Mas Nida estava sempre nas festas da casa. Estaria também sempre na mente e no coração de Elpídio? Isto ele não confessou à irmã, que nas contendas, estivera a favor dela.
Núbia repetia sempre, como em discurso de projeto de socióloga, “que o Brasil era fruto da miscigenação: só a miscigenação identificava o país como nação”. Debalde: os opositores do relacionamento eram mais incisivos e numerosos. E as ironias, as indiretas e o mal-estar recaíam sobre Nida de maneira insustentável. Mesmo assim, ela continuou indo às festas da casa de Núbia depois do rompimento.
Elpídio não gostava de polêmicas. Era consciencioso. Um homem razoavelmente coerente. Trabalhara dirigindo ônibus de viagens longas por muitos anos. E estava preocupado com o desenvolvimento pessoal, profissional e social das pessoas.
Decidiu-se a dirigir caminhão de coleta de lixo, descarregando lixo nos lixões; e depois que começaram a produzir os aterros, ele continuou trabalhando como motorista. Sempre atrás do volante.
Divertia-se com os coletores; ria-se muito com as viagens de caminhão e os colegas. Passou a ganhar menos em salário nos caminhões, mas se divertia tanto com as aventuras das vizinhanças, com as piadas dos coletores, com os colegas do aterro, que decidiu investir nisso por muito tempo.
“E se for malbaratar a nossa profissão, você vai cair do cavalo.”. Dizia. “Um motorista ou um coletor de lixo são respeitados como ninguém por gente de maior inteligência global. Só os Zé Povinho é que vão dizer: Que isso! Trabalhar de lixeiro! Não é pra mim!”. Dizia Elpídio aos colegas rindo.

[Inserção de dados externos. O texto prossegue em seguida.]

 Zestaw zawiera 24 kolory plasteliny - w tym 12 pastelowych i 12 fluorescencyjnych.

Ao que o colega repontava: “São os cabecinha! É trabalho como qualquer outro! Esses que mais condenam nosso trabalho são os mais folgados, vagabundos e ‘parasitos’”! E se divertiam com conversas desse tipo pelas viagens!
***
Contudo, certa noite, ouviram-se gritos de Rosália, vindos de sua casa, que ficava ao lado da casa de Núbia: “O Elpídio há que casar comigo…! Aquela preta ordinária não adianta insistir, não…! Eu é que vou mandar fazer um ebó para ela arrastar pra cima e ainda vou mijar na catacumba dela…!”.
Núbia ouvira o escândalo da futura cunhada e ficara aterrada com o nível de pensamento que adentrava a família de seus pais. Teve ódio. Teve pudor de si mesma como mulher. Rosália era uma desclassificada. E Nida estava sendo vítima de uma grande injustiça.

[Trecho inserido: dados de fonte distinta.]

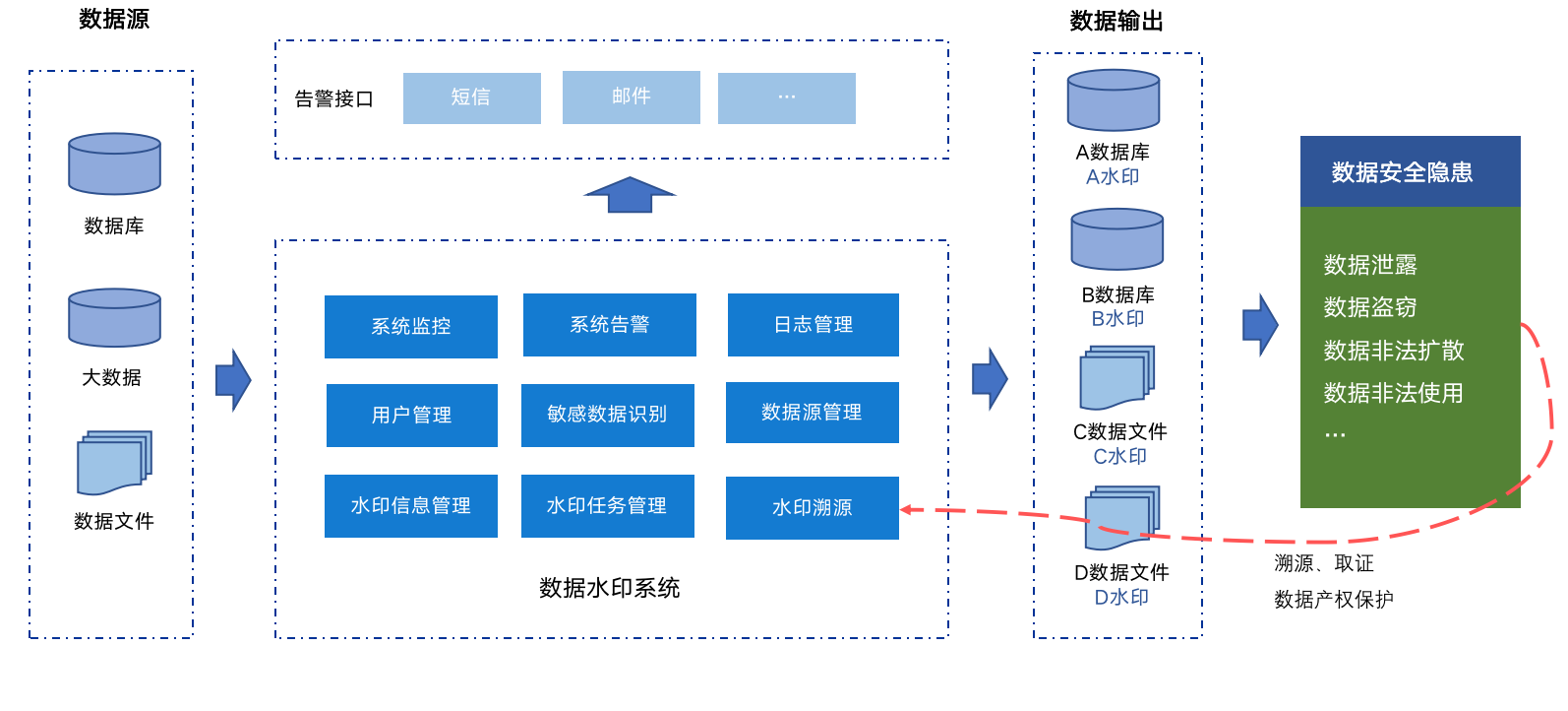 对于外发数据,可以打上特有水印数据,作为数据所有者的依据,从而达到数据版权保护,防止不法分子滥用、盗用数据。

Chamou o irmão, depois de pensar muito bem sobre o que iria dizer, e contou-lhe o ocorrido. Se Elpídio já ficou perplexo com a imagem de Nida morta; imagine-se sendo ultrajada! De certo que ainda a amava!
Elpídio abandonou Rosália, e, como já contava vinte e sete anos, passava da idade de casamento. Ficou solteiro e se dedicando ao aterro. Com os colegas!
Rosália foi definhando. Cada vez mais sua depressão aumentava. E nada lhe consolava. E nenhuma presença lhe apetecia. Queria só andar a falar de Elpídio; quando não, com Elpídio. Só pensava nele!
Até que, numa tarde de verão, em que Elpídio ia visitar a irmã, seus colegas, que vinham da casa de Rosália, intimaram-no a ir ver a ex-noiva que estava muito doente e talvez sarasse se o visse.
Depois de muita insistência dos amigos, Elpídio foi. Quando chegou ao quarto onde estava uma Rosália macérrima, muito depauperada, pálida e envelhecida, disse: “Oi, Rosália! Tudo bem?”, ela se voltou para ver se o reconhecia. Quando viu que era ele mesmo, apenas disse: “Elpídio… Elpídio…” E morreu.
Sua mãe fez o sepultamento, e não muita gente foi se despedir. Não sem antes exigir que Elpídio pagasse pelas despesas no cemitério. O que ele fez de bom grado, desde que ela lhe devolvesse o troco.
Elpídio continuou levando a vida pelas ruas, avenidas e estradas. Até que não era tão ruim assim a sua vida de solteiro. Mas, depois de alguns anos, antes de chegar aos quarenta, Elpídio morreu realizado e teve um grande cortejo em seu funeral.
Núbia examinava a fotografia. Nunca tornaria a ter acesso àquela imagem de tantos anos, que lhe trazia agora tantas lembranças, agradáveis e desagradáveis, se tivesse guardado na nuvem. Tantas falhas tecnológicas havia naqueles sistemas que todos usavam, e ninguém entendia que, na nuvem, aquela festa de aniversário e aquela imagem fatídica seriam puro silêncio.